The 2017 study, conducted by the Global Capital Markets Group, examines data from 67 IPOs that priced in 2016 with a minimum initial base deal size of $50 million, and includes industry analyses on the health care; technology, media & telecommunications (TMT); energy & power; financial services; industrials and consumer/retail sectors. The study also includes a focus on foreign private issuers. Utilizing proprietary information from more than 375 IPOs that the Global Capital Markets Group has analyzed over the last four years, the study provides detailed comparisons of deal structures and terms, SEC comments and timing, financial profiles, accounting disclosures, corporate governance and deal expenses.

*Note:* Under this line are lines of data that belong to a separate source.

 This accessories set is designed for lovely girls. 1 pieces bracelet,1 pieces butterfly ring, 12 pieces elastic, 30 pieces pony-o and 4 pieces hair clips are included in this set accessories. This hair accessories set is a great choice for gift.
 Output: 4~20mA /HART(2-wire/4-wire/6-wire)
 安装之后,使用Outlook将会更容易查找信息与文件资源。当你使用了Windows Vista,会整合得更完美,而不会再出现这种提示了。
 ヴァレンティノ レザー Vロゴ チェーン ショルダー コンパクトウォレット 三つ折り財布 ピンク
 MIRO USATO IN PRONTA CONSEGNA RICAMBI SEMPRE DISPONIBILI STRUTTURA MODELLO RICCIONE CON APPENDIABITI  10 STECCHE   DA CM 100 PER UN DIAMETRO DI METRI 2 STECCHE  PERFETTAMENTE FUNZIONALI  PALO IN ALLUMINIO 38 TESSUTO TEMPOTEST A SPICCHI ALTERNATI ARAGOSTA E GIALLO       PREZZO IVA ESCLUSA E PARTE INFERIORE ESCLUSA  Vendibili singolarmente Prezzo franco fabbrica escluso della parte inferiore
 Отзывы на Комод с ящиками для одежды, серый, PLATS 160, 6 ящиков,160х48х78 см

The 2017 study yields a number of noteworthy observations about trends and activity among 2016 IPOs, including:
- Two Quiet Years for Mega-IPOs and Decrease in Average Base Deal Size: We saw a significant decrease in $1 billion+ IPOs in our study in 2016 and 2015. At the same time the average and median deal size for IPOs decreased. There is speculation that the Snap IPO will open the door to more mega-IPOs in 2017.
- Greater Market Acceptance of Less Financial Information: After almost five years since the passage of the JOBS Act, 75% of emerging growth companies (generally, a company with annual revenues under $1 billion) included two instead of three years of audited financial statements in 2016 (a 92% increase since 2013) and 60% included only two years of selected financial statements in 2016 (a 67% increase since 2013).

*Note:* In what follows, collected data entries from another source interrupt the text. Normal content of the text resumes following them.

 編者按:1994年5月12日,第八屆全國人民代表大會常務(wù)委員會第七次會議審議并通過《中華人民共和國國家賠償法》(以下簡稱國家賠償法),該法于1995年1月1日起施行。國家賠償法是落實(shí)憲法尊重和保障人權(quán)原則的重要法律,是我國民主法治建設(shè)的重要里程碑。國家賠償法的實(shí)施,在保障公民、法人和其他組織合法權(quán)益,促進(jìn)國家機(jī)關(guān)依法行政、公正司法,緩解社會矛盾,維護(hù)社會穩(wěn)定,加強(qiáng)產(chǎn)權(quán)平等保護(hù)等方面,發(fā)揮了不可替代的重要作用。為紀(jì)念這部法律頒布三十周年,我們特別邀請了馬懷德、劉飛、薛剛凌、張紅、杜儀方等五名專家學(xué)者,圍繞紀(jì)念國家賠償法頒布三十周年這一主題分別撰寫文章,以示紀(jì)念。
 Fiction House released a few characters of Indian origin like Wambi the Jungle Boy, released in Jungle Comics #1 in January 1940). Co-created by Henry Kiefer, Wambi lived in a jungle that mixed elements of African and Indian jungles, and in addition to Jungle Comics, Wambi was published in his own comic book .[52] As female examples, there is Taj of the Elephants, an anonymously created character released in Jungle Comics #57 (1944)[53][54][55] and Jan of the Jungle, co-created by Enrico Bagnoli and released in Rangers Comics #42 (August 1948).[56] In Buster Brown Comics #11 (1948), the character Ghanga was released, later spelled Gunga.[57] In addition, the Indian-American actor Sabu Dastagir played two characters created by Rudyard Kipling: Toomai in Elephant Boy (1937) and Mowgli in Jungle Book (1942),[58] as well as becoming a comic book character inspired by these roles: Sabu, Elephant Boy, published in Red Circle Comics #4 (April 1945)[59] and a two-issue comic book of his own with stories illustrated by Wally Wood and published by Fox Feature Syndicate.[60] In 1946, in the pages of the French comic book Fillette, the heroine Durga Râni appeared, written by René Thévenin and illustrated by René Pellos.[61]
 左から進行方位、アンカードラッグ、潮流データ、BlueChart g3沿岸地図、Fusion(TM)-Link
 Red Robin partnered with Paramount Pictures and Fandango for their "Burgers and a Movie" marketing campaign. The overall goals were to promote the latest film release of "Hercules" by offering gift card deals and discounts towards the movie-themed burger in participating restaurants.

- Testing-the-Waters Communications Predominantly by Issuers in the Health Care Sector and TMT: Our study shows 100% of disclosed testing-the-waters communications were by issuers in the health care and TMT sectors.
- Decrease in SEC Comments but Slower Time to Pricing: Although there has been a continued decrease in the average number of SEC comments, the average time that it took issuers from the first submission/filing to pricing significantly increased to 221 days, up from 156 days in 2015 and 123 days in 2014.

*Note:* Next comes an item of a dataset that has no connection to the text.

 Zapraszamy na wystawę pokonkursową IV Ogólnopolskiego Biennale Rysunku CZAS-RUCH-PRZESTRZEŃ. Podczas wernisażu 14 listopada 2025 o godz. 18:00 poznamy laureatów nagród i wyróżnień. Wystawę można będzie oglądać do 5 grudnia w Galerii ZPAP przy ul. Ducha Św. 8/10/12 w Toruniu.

- SEC Focused on Non-GAAP Measures: In 2016, 47 of 66 (71%) issuers in our study disclosed at least one non-GAAP measure. Of these 47 issuers, 26 (55%) received at least one comment on non-GAAP measures.
- Continued Trend of Issuers Disclosing a Material Weakness in Internal Controls: In 2013, 17% of issuers disclosed a material weakness. In each of 2014, 2015 and 2016, approximately one-third of issuers disclosed a material weakness. Our study indicated no material impact on pricing or aftermarket performance for these issuers.
- Increase in Board Independence of Controlled Companies: Although the average percentage of board independence has remained relatively stable, between 60% and 65% over the last four years, we have seen an increase in the average percentage of board independence for controlled company boards to 47% in 2016 from 37% in 2013.
- Sponsor-Backed IPOs with a Secondary Component Remain Consistent; Management Secondary Sales Decrease: While the percentage of sponsor-backed IPOs have remained stable, the percentage of non-sponsor backed IPOs with a secondary component has dropped dramatically from 21% in 2013 to 7% in 2016.
- Insider Purchasing Continues to Increase: There has been a significant increase in insider purchasing in IPOs from 21% in 2013 to 45% in 2016. The average percentage of shares purchased by insiders in these IPOs increased to 34% in 2016 from 21% in 2015.
- Multiple Classes Trending Towards Better Pricing and Performance. IPOs with multiple classes of common stock generally exhibited better pricing and aftermarket performance in 2016.